--- Data records Enclosed Below ---

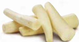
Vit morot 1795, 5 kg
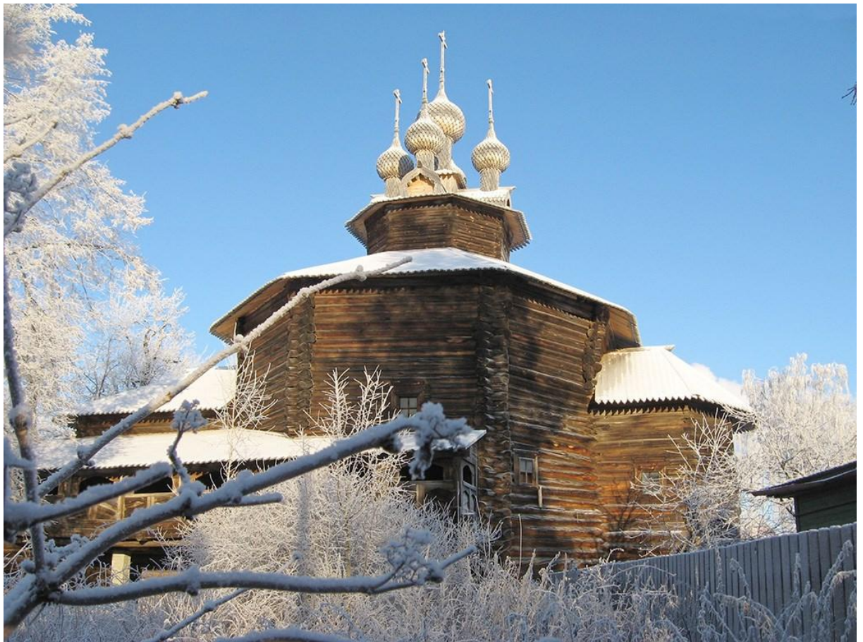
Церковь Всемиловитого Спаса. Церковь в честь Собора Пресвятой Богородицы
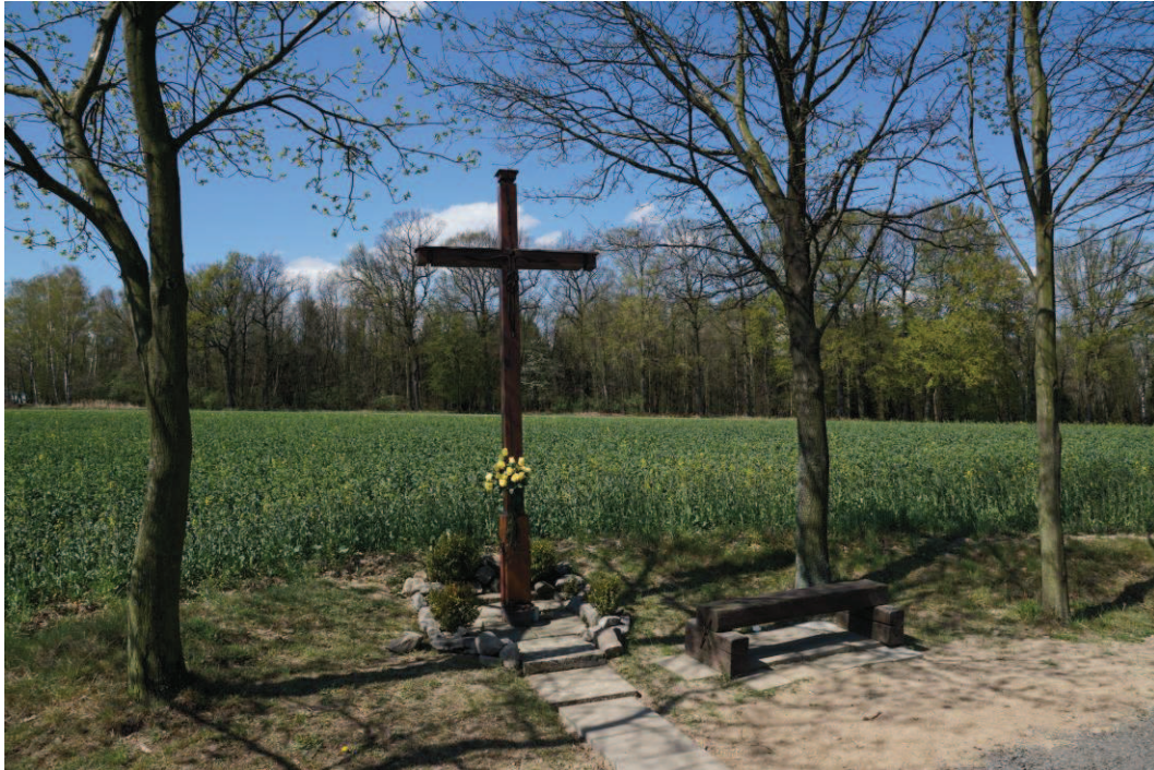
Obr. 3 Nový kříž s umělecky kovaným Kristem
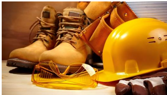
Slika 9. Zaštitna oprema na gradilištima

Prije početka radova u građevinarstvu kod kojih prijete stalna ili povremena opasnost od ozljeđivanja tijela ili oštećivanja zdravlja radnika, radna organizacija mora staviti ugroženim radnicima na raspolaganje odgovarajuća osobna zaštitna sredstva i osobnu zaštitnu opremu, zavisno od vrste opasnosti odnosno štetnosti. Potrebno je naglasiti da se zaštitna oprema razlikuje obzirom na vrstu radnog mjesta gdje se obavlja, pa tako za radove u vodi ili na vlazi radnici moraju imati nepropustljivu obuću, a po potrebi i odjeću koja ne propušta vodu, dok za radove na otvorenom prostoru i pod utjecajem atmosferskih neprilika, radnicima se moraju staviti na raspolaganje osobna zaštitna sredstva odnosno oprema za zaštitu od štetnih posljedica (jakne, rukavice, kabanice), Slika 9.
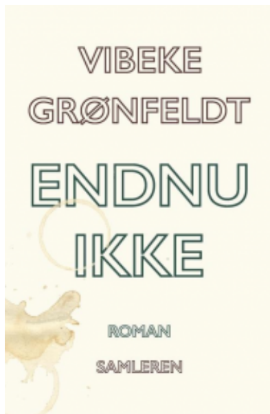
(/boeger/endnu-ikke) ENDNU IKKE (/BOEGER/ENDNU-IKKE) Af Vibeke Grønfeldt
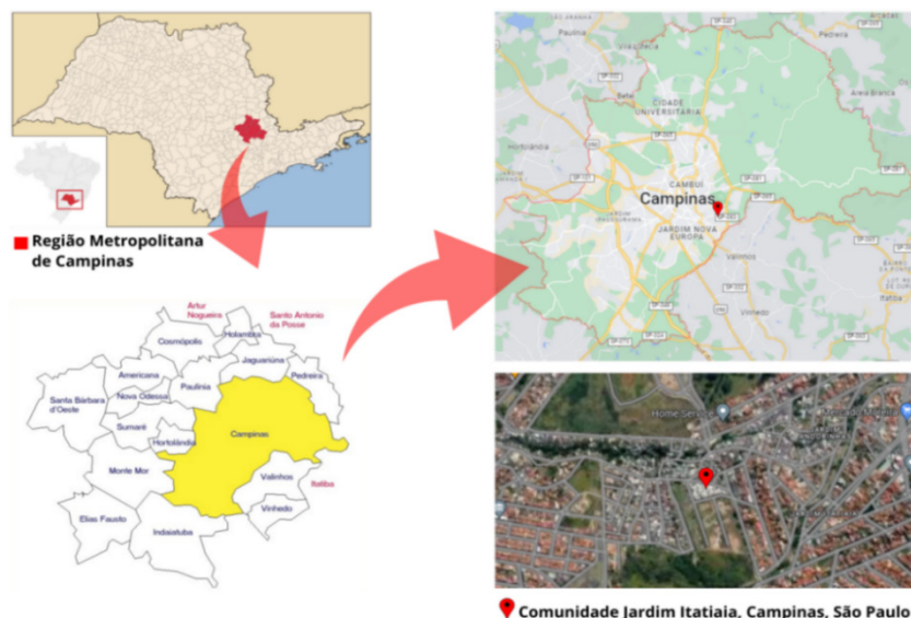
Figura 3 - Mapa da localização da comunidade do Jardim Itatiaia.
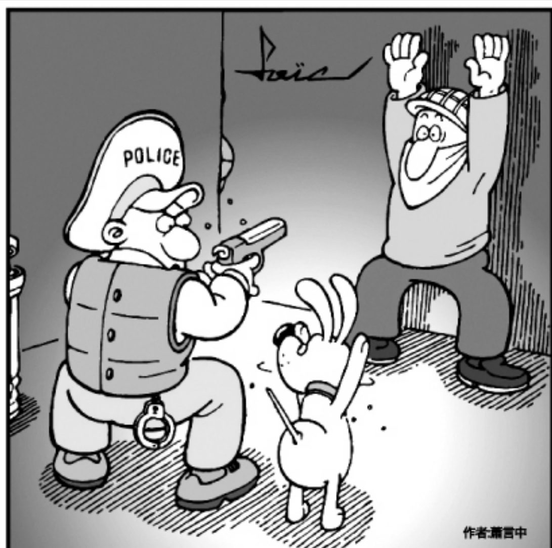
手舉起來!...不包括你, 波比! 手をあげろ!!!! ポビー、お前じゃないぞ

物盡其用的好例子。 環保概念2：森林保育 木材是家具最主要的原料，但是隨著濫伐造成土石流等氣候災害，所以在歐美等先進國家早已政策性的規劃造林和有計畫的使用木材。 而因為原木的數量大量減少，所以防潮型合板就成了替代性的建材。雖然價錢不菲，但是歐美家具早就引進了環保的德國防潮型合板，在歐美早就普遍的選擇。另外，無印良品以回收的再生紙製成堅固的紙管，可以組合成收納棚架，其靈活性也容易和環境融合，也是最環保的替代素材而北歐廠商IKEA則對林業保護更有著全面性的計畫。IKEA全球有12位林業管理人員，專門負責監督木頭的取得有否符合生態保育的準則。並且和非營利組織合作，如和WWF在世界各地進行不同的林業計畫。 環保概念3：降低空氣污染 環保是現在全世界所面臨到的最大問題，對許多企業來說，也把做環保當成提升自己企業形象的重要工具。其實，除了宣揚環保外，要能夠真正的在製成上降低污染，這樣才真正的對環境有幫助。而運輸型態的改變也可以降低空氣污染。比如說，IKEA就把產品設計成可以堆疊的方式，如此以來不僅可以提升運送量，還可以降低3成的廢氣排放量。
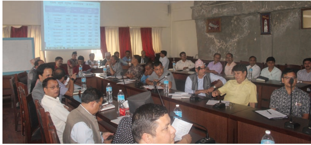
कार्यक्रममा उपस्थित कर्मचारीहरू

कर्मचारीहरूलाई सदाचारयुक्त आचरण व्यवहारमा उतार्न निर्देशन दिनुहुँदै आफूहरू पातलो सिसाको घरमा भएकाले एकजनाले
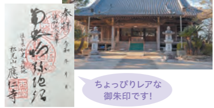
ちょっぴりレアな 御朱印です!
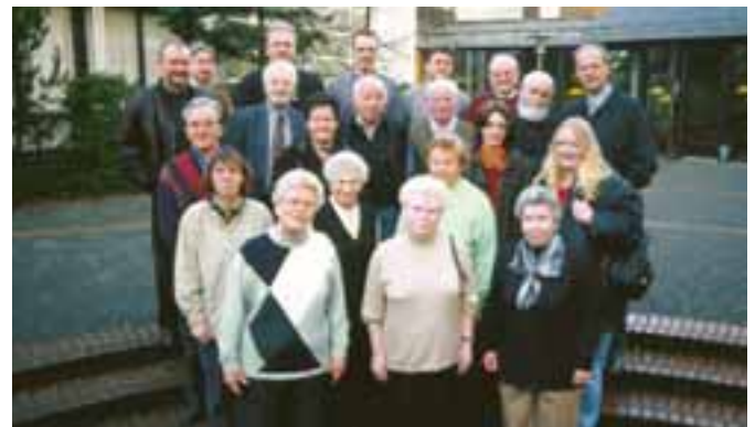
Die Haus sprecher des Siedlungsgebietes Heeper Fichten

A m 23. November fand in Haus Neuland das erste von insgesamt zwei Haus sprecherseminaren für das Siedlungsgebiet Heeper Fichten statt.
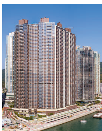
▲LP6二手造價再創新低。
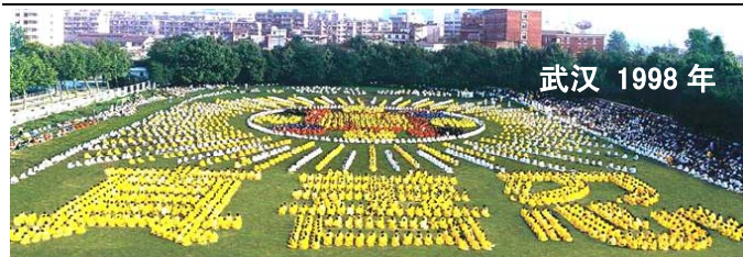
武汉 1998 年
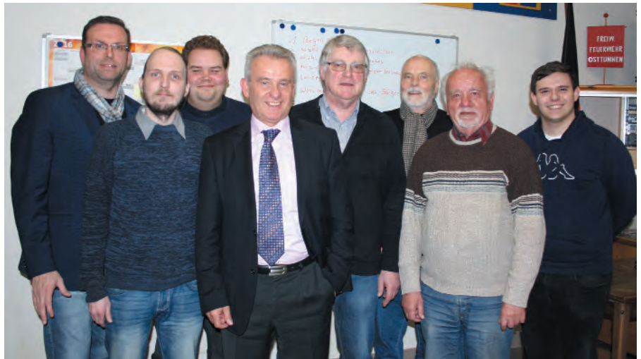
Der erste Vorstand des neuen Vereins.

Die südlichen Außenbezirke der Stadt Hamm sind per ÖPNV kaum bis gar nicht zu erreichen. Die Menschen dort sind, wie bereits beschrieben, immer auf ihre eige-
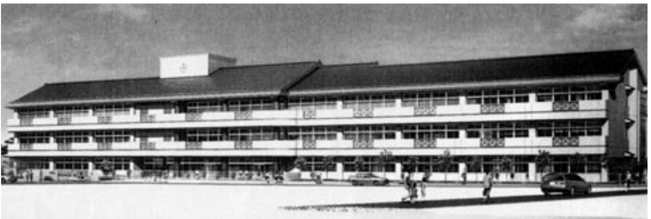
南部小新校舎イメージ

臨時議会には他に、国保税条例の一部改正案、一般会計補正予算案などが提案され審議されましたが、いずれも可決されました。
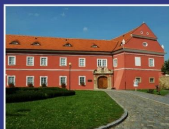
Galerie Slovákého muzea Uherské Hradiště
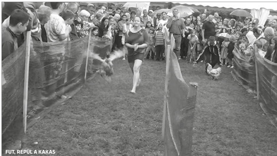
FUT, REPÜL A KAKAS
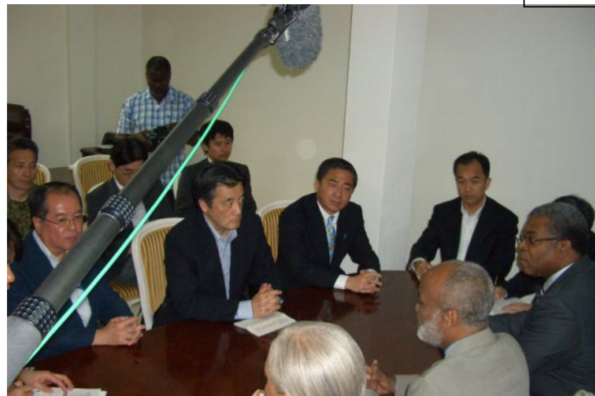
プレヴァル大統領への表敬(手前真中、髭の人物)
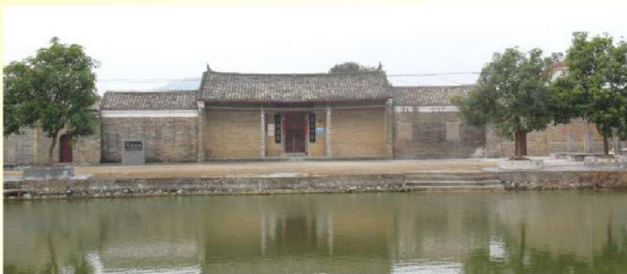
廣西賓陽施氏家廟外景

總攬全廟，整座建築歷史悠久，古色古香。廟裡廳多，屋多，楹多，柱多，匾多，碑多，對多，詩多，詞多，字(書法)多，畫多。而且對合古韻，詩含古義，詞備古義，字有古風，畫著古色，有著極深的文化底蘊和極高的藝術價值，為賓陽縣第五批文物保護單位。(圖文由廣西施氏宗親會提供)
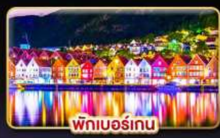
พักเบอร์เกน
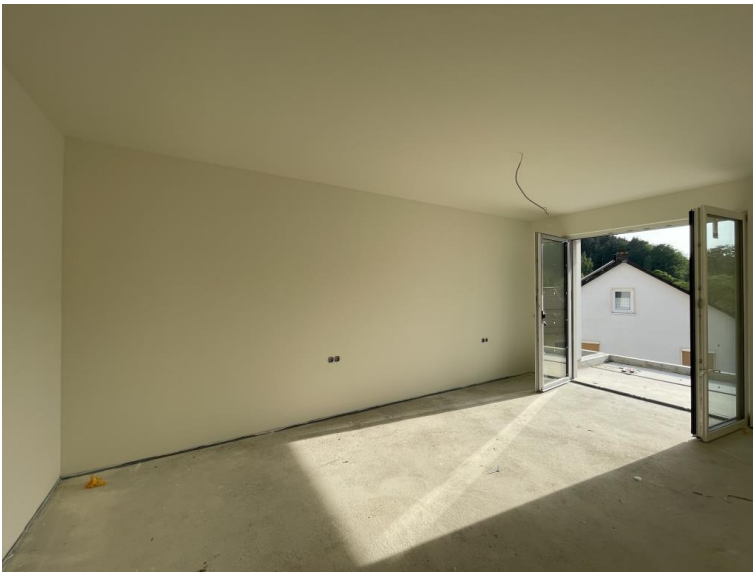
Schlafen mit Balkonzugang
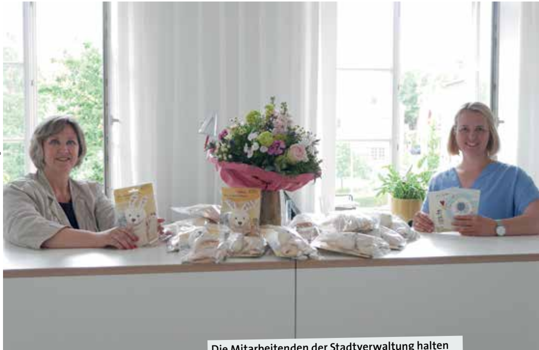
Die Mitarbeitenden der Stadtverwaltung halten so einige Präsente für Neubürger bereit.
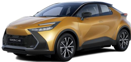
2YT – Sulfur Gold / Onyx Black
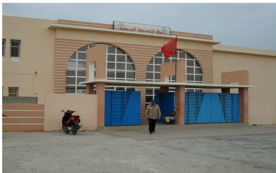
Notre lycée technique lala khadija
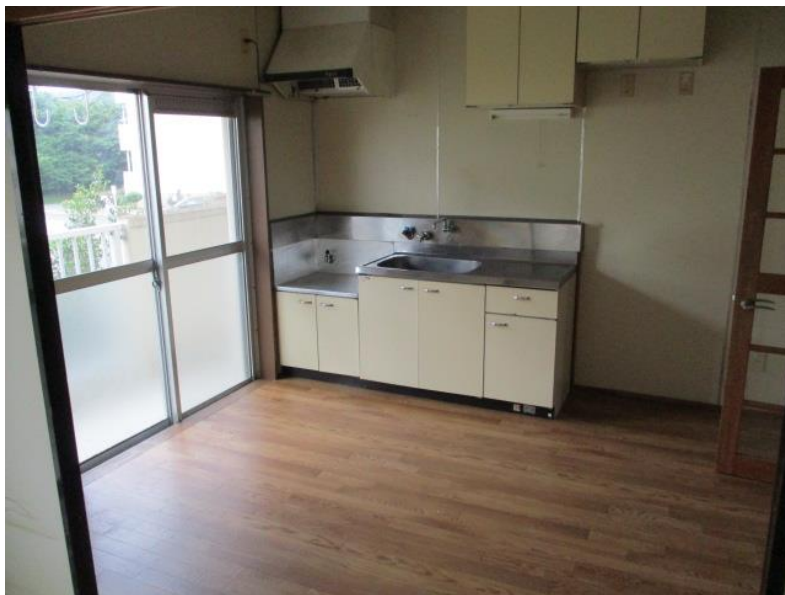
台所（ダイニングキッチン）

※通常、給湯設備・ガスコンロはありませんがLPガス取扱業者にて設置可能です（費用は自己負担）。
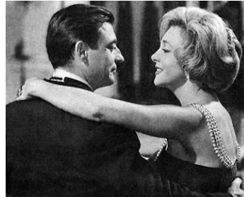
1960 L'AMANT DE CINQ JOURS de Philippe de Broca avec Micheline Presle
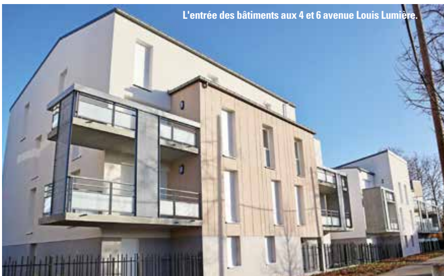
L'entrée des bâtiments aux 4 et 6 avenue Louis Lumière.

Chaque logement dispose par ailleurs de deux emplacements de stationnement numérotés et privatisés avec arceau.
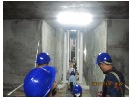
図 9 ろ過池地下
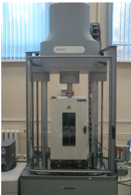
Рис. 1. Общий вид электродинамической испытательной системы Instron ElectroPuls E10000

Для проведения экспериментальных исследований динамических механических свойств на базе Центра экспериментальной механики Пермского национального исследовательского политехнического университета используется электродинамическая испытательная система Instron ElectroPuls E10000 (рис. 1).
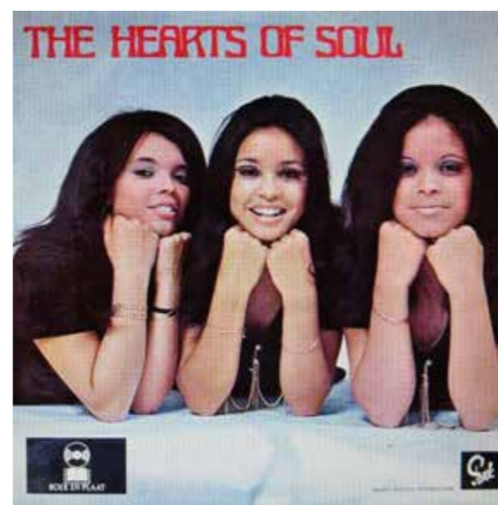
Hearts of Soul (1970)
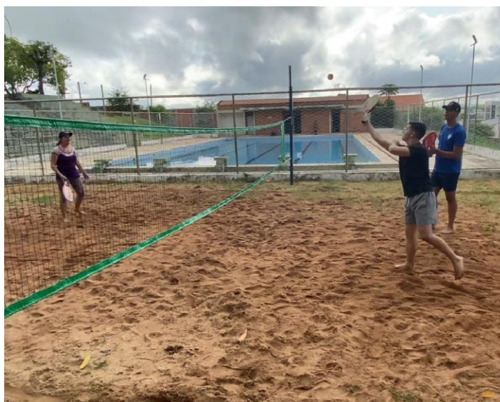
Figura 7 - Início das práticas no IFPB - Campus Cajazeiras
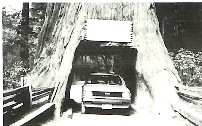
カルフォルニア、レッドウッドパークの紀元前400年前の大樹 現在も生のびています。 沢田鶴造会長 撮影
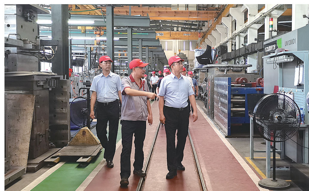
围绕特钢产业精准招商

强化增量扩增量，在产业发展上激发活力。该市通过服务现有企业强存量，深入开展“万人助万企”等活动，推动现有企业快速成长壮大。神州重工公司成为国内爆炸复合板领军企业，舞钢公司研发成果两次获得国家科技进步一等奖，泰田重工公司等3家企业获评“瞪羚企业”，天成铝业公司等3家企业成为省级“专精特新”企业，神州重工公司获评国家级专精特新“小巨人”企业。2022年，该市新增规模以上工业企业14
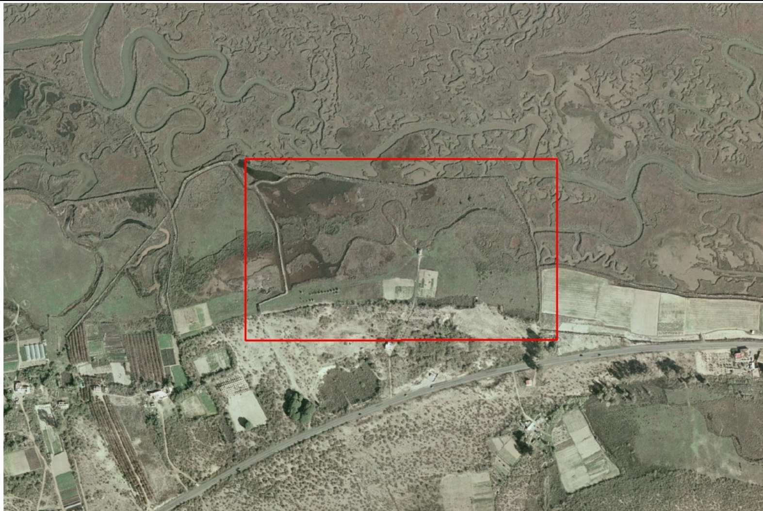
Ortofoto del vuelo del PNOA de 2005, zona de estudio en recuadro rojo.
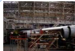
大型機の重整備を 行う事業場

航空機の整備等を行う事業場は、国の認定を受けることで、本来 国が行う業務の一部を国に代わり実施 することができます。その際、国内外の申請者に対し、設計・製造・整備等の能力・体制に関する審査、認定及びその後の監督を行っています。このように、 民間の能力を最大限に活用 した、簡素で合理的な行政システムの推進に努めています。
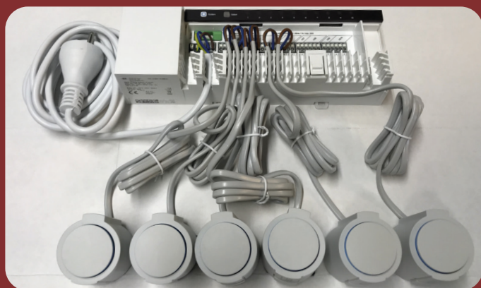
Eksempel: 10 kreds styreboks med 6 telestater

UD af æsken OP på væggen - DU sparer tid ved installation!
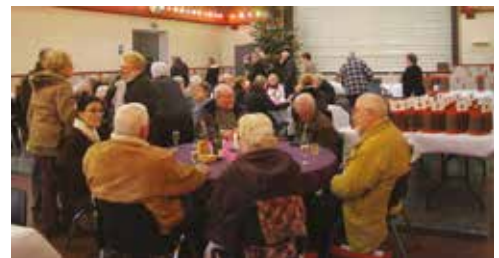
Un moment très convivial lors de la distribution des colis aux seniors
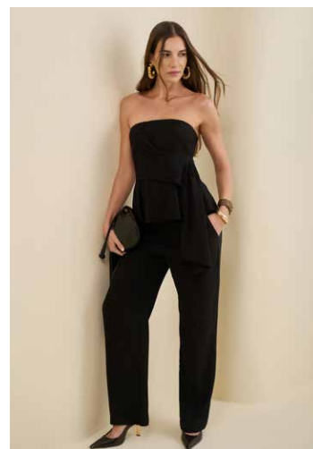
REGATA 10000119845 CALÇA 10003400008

--- End of Enclosed Data records ---

> [Exercise prompt]: Range to copy from the records above: the line containing "Церковь Всемиловитого Спаса." to the line containing "手舉起來!...不包括你, 波比! 手をあげろ!!!! ポビー、お前じゃないぞ", both included. Output those lines exactly and only those, skipping pictures.

> [Solution to the exercise]:
Церковь Всемиловитого Спаса. Церковь в честь Собора Пресвятой Богородицы
Obr. 3 Nový kříž s umělecky kovaným Kristem
Slika 9. Zaštitna oprema na gradilištima

Prije početka radova u građevinarstvu kod kojih prijete stalna ili povremena opasnost od ozljeđivanja tijela ili oštećivanja zdravlja radnika, radna organizacija mora staviti ugroženim radnicima na raspolaganje odgovarajuća osobna zaštitna sredstva i osobnu zaštitnu opremu, zavisno od vrste opasnosti odnosno štetnosti. Potrebno je naglasiti da se zaštitna oprema razlikuje obzirom na vrstu radnog mjesta gdje se obavlja, pa tako za radove u vodi ili na vlazi radnici moraju imati nepropustljivu obuću, a po potrebi i odjeću koja ne propušta vodu, dok za radove na otvorenom prostoru i pod utjecajem atmosferskih neprilika, radnicima se moraju staviti na raspolaganje osobna zaštitna sredstva odnosno oprema za zaštitu od štetnih posljedica (jakne, rukavice, kabanice), Slika 9.
(/boeger/endnu-ikke) ENDNU IKKE (/BOEGER/ENDNU-IKKE) Af Vibeke Grønfeldt
Figura 3 - Mapa da localização da comunidade do Jardim Itatiaia.
手舉起來!...不包括你, 波比! 手をあげろ!!!! ポビー、お前じゃないぞ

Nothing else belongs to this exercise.